Teresa Cristina, que fez participação na roda de samba e homenageou Elza Soares, que faleceu na semana passada, relatou estar surpresa com a nota do clube, a qual denominou como "pesada, estranha e que não diz com clareza qual o pensamento por traz dela".
"Para mim, um lugar que há tantos anos recebe inúmeras pessoas do samba, pode ser chamado de casa de samba. E a casa de samba é a casa do povo. E a voz do povo sempre sobressai. Principalmente, em um lugar com este título. O samba é libertário, revolucionário, contestador. Você não pode dizer que é sambista e ir contra a liberdade das pessoas. Isso é muito complexo. Não consigo descrever isso em uma simples resposta. Mas acho que num ano de eleições, a casa lançar uma nota que proíbe manifestações políticas dentro daquele local, ela diz que você não pode cantar samba. Não conheço discurso mais político que o samba", declarou a sambista.

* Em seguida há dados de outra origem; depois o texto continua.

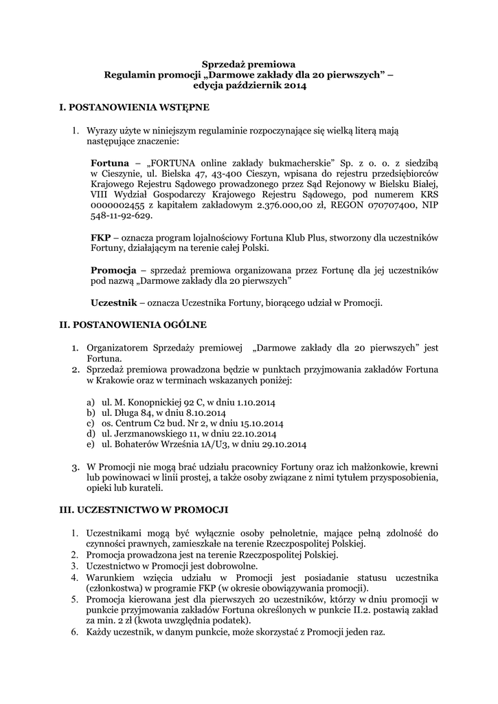 Sprzedaż premiowa Regulamin promocji „Darmowe zakłady dla 20 pierwszych” – edycja październik 2014 I. POSTANOWIENIA WSTĘPNE 1. Wyrazy użyte w niniejszym regulaminie rozpoczynające się wielką literą mają następujące znaczenie: Fortuna – „FORTUNA online zakłady bukmacherskie” Sp. z o. o. z siedzibą w Cieszynie, ul. Bielska 47, 43-400 Cieszyn, wpisana do rejestru przedsiębiorców Krajowego Rejestru Sądowego prowadzonego przez Sąd Rejonowy w Bielsku Białej, VIII Wydział Gospodarczy Krajowego Rejestru Sądowego, pod numerem KRS 0000002455 z kapitałem zakładowym 2.376.000,00 zł, REGON 070707400, NIP 548-11-92-629. FKP – oznacza program lojalnościowy Fortuna Klub Plus, stworzony dla uczestników Fortuny, działającym na terenie całej Polski. Promocja – sprzedaż premiowa organizowana przez Fortunę dla jej uczestników pod nazwą „Darmowe zakłady dla 20 pierwszych” Uczestnik – oznacza Uczestnika Fortuny, biorącego udział w Promocji. II. POSTANOWIENIA OGÓLNE 1. Organizatorem Sprzedaży premiowej „Darmowe zakłady dla 20 pierwszych” jest Fortuna. 2. Sprzedaż premiowa prowadzona będzie w punktach przyjmowania zakładów Fortuna w Krakowie oraz w terminach wskazanych poniżej: a) b) c) d) e) ul. M. Konopnickiej 92 C, w dniu 1.10.2014 ul. Długa 84, w dniu 8.10.2014 os. Centrum C2 bud. Nr 2, w dniu 15.10.2014 ul. Jerzmanowskiego 11, w dniu 22.10.2014 ul. Bohaterów Września 1A/U3, w dniu 29.10.2014 3. W Promocji nie mogą brać udziału pracownicy Fortuny oraz ich małżonkowie, krewni lub powinowaci w linii prostej, a także osoby związane z nimi tytułem przysposobienia, opieki lub kurateli. III. UCZESTNICTWO W PROMOCJI 1. Uczestnikami mogą być wyłącznie osoby pełnoletnie, mające pełną zdolność do czynności prawnych, zamieszkałe na terenie Rzeczpospolitej Polskiej. 2. Promocja prowadzona jest na terenie Rzeczpospolitej Polskiej. 3. Uczestnictwo w Promocji jest dobrowolne. 4. Warunkiem wzięcia udziału w Promocji jest posiadanie statusu uczestnika (członkostwa) w programie FKP (w okresie obowiązywania promocji). 5. Promocja kierowana jest dla pierwszych 20 uczestników, którzy w dniu promocji w punkcie przyjmowania zakładów Fortuna określonych w punkcie II.2. postawią zakład za min. 2 zł (kwota uwzględnia podatek). 6. Każdy uczestnik, w danym punkcie, może skorzystać z Promocji jeden raz. 7. Wzięcie udziału w Promocji wiążę się z zaakceptowaniem warunków określonych w niniejszym regulaminie. IV ZASADY PROMOCJI 1. Uczestnicy, którzy spełnią warunki Promocji określone w punkcie III.4 i III.5 otrzymają bon na Darmowy Zakład o równowartości 5 zł. 2. Bon będzie przekazany Uczestnikowi w punkcie, który w danym dniu objęty jest Promocją. 3. Bon na Darmowy Zakład nie podlega wymianie na gotówkę lub inne nagrody rzeczowe i może zostać przeznaczony jedynie na zawarcie zakładów wzajemnych w Fortunie. 4. Uczestnikowi nie przysługuje prawo do scedowania prawa do nagrody na osobę trzecią. V POSTĘPOWANIE REKLAMACYJNE 1. Uczestnikowi przysługuje prawo do wniesienia reklamacji. 2. Reklamacje należy zgłaszać drogą e-mail: [email protected] nie później niż w terminie 14 dni od zakończenia Promocji w danym punkcie. roku podając dokładny opis i powód reklamacji. 3. Reklamacje rozpatrywane będą przez Organizatora na podstawie niniejszego regulaminu w terminie do 14 dni od ich otrzymania 4. Uczestnik Promocji zostanie powiadomiony o decyzji Organizatora drogą e-mail lub telefonicznie w terminie 3 dni od rozpatrzenia reklamacji. VI POSTANOWIENIA KOŃCOWE 1. Wszelkie spory wynikłe z tytułu wykonania zobowiązań związanych z niniejszą promocją będą rozstrzygane przez właściwy miejscowo Sąd. 2. Zasady przeprowadzenia Promocji określa wyłącznie niniejszy Regulamin. Wszelkie materiały promocyjno-reklamowe mają charakter wyłącznie informacyjny. 3. W kwestiach nie uregulowanych regulaminem stosuje się odpowiednie przepisy Kodeksu cywilnego, ustawy o grach hazardowych oraz regulaminy obowiązujące u Organizatora. 4. Niniejszy Regulamin Promocji dostępny jest w siedzibie Fortuny, w Punktach przyjmowania zakładów Fortuna objętych Promocją i na stronie internetowej (www.efortuna.pl).
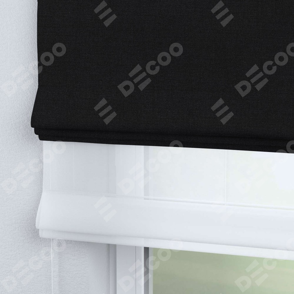 Двойная римская штора «День-ночь» от производителя Cortin предназначена для использования в проёмах. Эта штора уникальна тем, что состоит из двух полотен. На лицевой стороне находится лён черный (артикул: 140815), обеспечивающий эффективное затемнение. В комплект также входит вторая ткань — легкий белый тюль (артикул: V-01), который добавляет изящества и легкости оформлению окна. Кроме того, доступны и другие разновидности ткани тюль, выбор которых доступен по  ссылке .
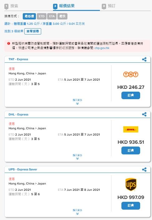 FreightAmigo根據輸入的貨物資料,會立即列出不同國際快遞公司的運費報價選擇及所需運輸時間讓您比較。您可以立即看到最便宜的價格,看到心儀的選擇後,可以 按 “訂倉” 下單。如果您是急於寄件的,可以於排序方式選擇 “最快“,就會立即看到最短運輸時間的報價了 ~
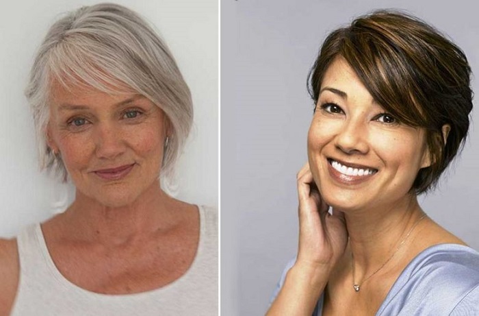La asimetría le da a la imagen un toque misterioso, a la vez que cubre las imperfecciones. ¡Luego de este corte, el rostro se ve visiblemente refrescado! La presente realización se ve impresionante en el pelo gris. Una franja oblicua va a transformar las facciones en magia, aunque el corte de pelo es un poco más largo.
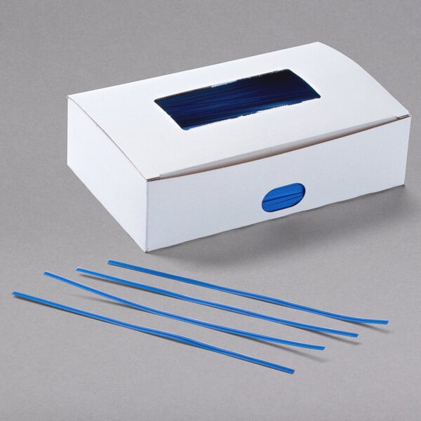 These 7" blue twist ties are sure to come in handy for a variety of applications. They provide a simple yet effective way to seal plastic bags. With their centered steel wire and laminated coating to resist rust, these twist ties are dependable for use at your party, social gathering, or catered event!
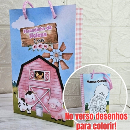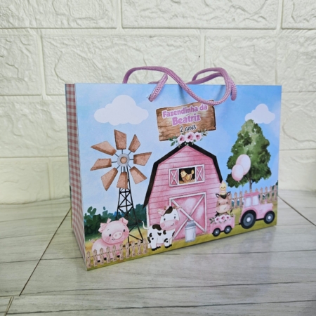 • Sacola Média Personalizada Fazendinha Rosa/Lembrancinha/Festa Infantil
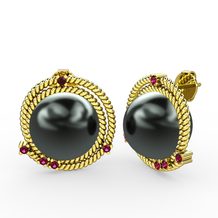 Siyah inci ve rodolit garnet 925 ayar altın kaplama gümüş küpe
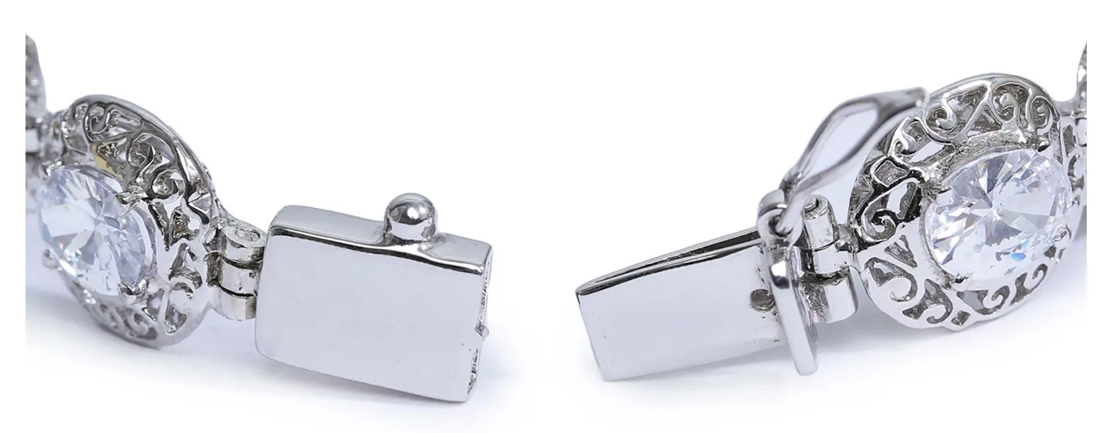 What truly sets this bracelet apart is the delicate lattice work that surrounds each captivating stone. The open filigree design, reminiscent of antique lace, adds a layer of sophisticated detail and visual intrigue. This ornate metalwork creates a beautiful contrast with the clean, sparkling facets of the cubic zirconia, drawing the eye to the center of each link and enhancing the overall opulence of the piece. The detailed craftsmanship speaks to a dedication to quality, making this bracelet a treasured addition to any jewelry collection.
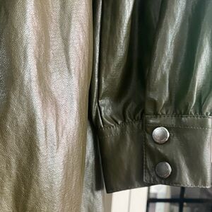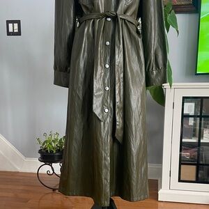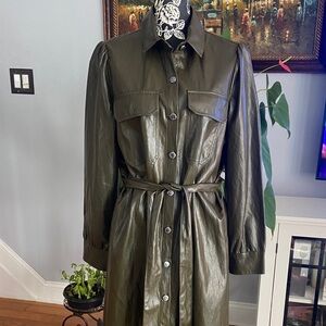 Stylish olive green dress, gorgeous color. Features button-down front. Includes matching belt. Long sleeves with cuffs. Perfect for versatile wear. Will fit M as well. Like new condition, worn twice. Can be worn as a lightweight coat

Questionada sobre a manifestação popular que teria acontecido na última segunda-feira e gerado a veiculação da nota pela presidência do Renascença, a cantora disse que única manifestação popular foi o samba.
"Cantei 'Meu Guri' e o samba-enredo em homenagem à Elza feito pela Mocidade Independente de Padre Miguel. Achei curioso que na hora do samba para a Elza, notei poucas pessoas com olhares de reprovação e achei bem esquisito como um samba para uma estrela, uma das mulheres mais importantes da história do Brasil, pode incomodar alguém. Mas aquilo ali foi um sentimento meu. Vi aquela cara, mas nunca tive medo de cara feia ou cara atravessada. Deixei pra lá. Fora isso, não vi nada. Não aconteceu nada. Foi uma segunda-feira completamente normal", garantiu ela.
Teresa Cristina, que costuma acompanhar o Samba do Trabalhador, dar canjas nos shows e levar amigos e familiares para conhecer o local, revela ainda que não pretende retornar ao espaço pela censura ser contra a sua natureza.
"Vi que muita gente se indignou com a nota. Mas tem uma galera também, que se diz sambista, está ali e me ofendendo. Muitas pessoas partidárias desse governo de morte. Não posso estar num lugar assim. Imagina! O samba nos faz bem, nos renova, nos traz boas energias, mas precisamos ser livres. Precisamos cantar o que a gente quer. Não pode ninguém chegar e dizer o que você pode falar ou como se comportar porque isso não é samba, isso é quartel. Ninguém está ali para receber ordem. Eu não estou, então, não vou", finalizou.
Já Moacyr Luz e o Samba do Trabalhador usou as redes sociais para se pronunciar. "O samba, em sua essência, sempre foi um ato de resistência. Um lugar onde aqueles que nunca tiveram voz, passaram a poder se expressar através da arte. Por aqui, seremos sempre apreciadores incansáveis da liberdade da expressão, e contra quaisquer tipo de censura", disse em nota.
Em contato com O DIA, Moacyr afirmou que o grupo não tem "a menor pretensão ou vontade de impedir" qualquer manifestação espontânea do público em seus shows.